Staying on Topic

Several people have responded to my post on static typing and readability, and mostly they have missed what I actually said. I'll try again:

Thanks to the success of Rails, Seaside, Grails, and others, many developers are considering dynamic languages for the first time, or in a new light. These developers are often concerned that without static typing, their code will be unreadable. There are good reasons for static typing, but this is not one of them. Languages do not write readable code, programmers do. Good programmers can write readable code with static or dynamic typing, with "good" or "bad" frameworks.

In order to make this clear, I demonstrated some common decisions that make statically typed code less readable, despite the presence of type information. I also demonstrated some readable code without type information.

To the commenter feedback: Kabir refers me to Haskell and OCaml. Good languages, but not the point. I am not trying to prove that all static languages are bureaucratic. My issue is the assumption that dynamic language code is unreadable with type information.

Robert points out that I am comparing programming idioms, not languages. True. Robert, I completely agree with everything you have to say.

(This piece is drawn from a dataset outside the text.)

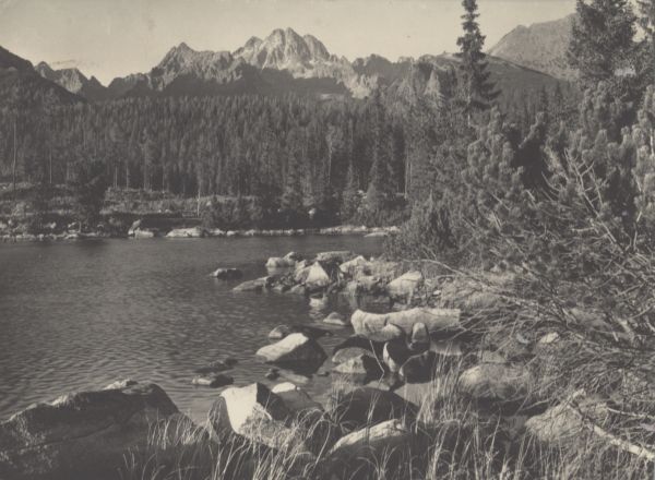 Widok na Wysok± znad Szczyrbskiego Jeziora. Na pierwszym planie brzeg jeziora z głazami w wodzie i kosodrzewin± (Pinus mugo Turra) na brzegu. W głębi las. W tle od lewej szczyty: Żabi Koń, Kopa Popradzka, Wysoka i Osterwa (z przodu po prawej stronie).
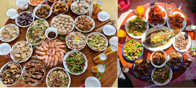 吉林延边年夜饭彰显朝鲜族特色,米肠、辣白菜等传统风味鲜明,既体现了当地群众利用发酵技艺抵御寒冬的生活智慧,也展现出少数民族饮食文化的独特魅力与传承活力;山东烟台年夜饭以海鲜为主打,清蒸大虾、鲍鱼等食材新鲜、口味清鲜,生动反映出沿海地区依托海洋资源实现发展、人民生活水平不断提升的生动实践。

ocean thinks that my example is outdated and the argument therefore should not be taken seriously. I am glad you find the code outdated--I do too, and I said so in the original post. When we wrote R4JD, we wanted to pick examples that every Java developer would recognize. I have traveled the country asking Java developers what frameworks they use, and even today my anecdotal best guess is that over 60% are on Struts 1.x.

Norman, Slava, and Hani think I am comparing Java and Ruby, and announcing Ruby the winner. I certainly didn't say anything like that here. I have compared Ruby and Java web development before, and you can read the reviews to see if readers found the comparison fair and helpful.

Bob Lee: thanks for the on-topic comment. Bob's concerns about dynamic typing and maintainability need to be addressed more fully than I have time for here. But let me start by saying that not all code is a reusable API. And wouldn't Groovy give you what you want?